# Profitable App Profiles

The objective of this project is to analyze data from AppleStore and Google Play Markets in order to find out which type of App is most profitable.

In this project we'll do this based in the free apps that receive the profit by using adds, so, the kind of app that attract more users and more clicks per add is more profitable.

## Exploring Data

To start the analyze of some apps, we can start by extracting the information from some free data sets that we can find in web sites like [kaggle](https://www.kaggle.com/).

So, we'll use two data sets, one containing informations about apps from [Google Play](https://www.kaggle.com/lava18/google-play-store-apps) and other from [Apple Store](https://www.kaggle.com/ramamet4/app-store-apple-data-set-10k-apps).
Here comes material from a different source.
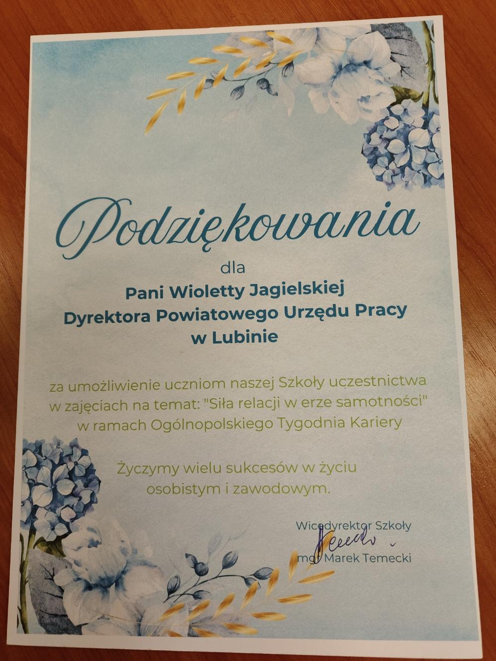 - Panią Ewę Górniak oraz Panią Malwinę Wróblewską z Młodzieżowego Centrum Kariery OHP w Lubinie.

Let's start by extracting and exploring the data.

In [1]:
def extract(archive, header=True):
    from csv import reader
    opened_file = open(archive, encoding='utf8')
    read_file = reader(opened_file)
    data = list(read_file)
    if header:
        return data[1:], data[0]
    else:
        return data

In [2]:
def explore_data(dataset, start, end, rows_and_columns = False):
    for row in dataset[start:end]:
        print(row)
        print('\n')
        
    if rows_and_columns:
        print('Number of rows:', len(dataset))
        print('Number of columns', len(dataset[0]))
    print()

Below we have informations about some apps that we can find in Apple Store or Google Play.

In [3]:
apple_apps, apple_header = extract('AppleStore.csv')
google_apps, google_header = extract('googleplaystore.csv')

explore_data(apple_apps, 0, 4, True)
explore_data(google_apps, 0, 4, True)

['284882215', 'Facebook', '389879808', 'USD', '0.0', '2974676', '212', '3.5', '3.5', '95.0', '4+', 'Social Networking', '37', '1', '29', '1']


['389801252', 'Instagram', '113954816', 'USD', '0.0', '2161558', '1289', '4.5', '4.0', '10.23', '12+', 'Photo & Video', '37', '0', '29', '1']


['529479190', 'Clash of Clans', '116476928', 'USD', '0.0', '2130805', '579', '4.5', '4.5', '9.24.12', '9+', 'Games', '38', '5', '18', '1']


['420009108', 'Temple Run', '65921024', 'USD', '0.0', '1724546', '3842', '4.5', '4.0', '1.6.2', '9+', 'Games', '40', '5', '1', '1']


Number of rows: 7197
Number of columns 16

['Photo Editor & Candy Camera & Grid & ScrapBook', 'ART_AND_DESIGN', '4.1', '159', '19M', '10,000+', 'Free', '0', 'Everyone', 'Art & Design', 'January 7, 2018', '1.0.0', '4.0.3 and up']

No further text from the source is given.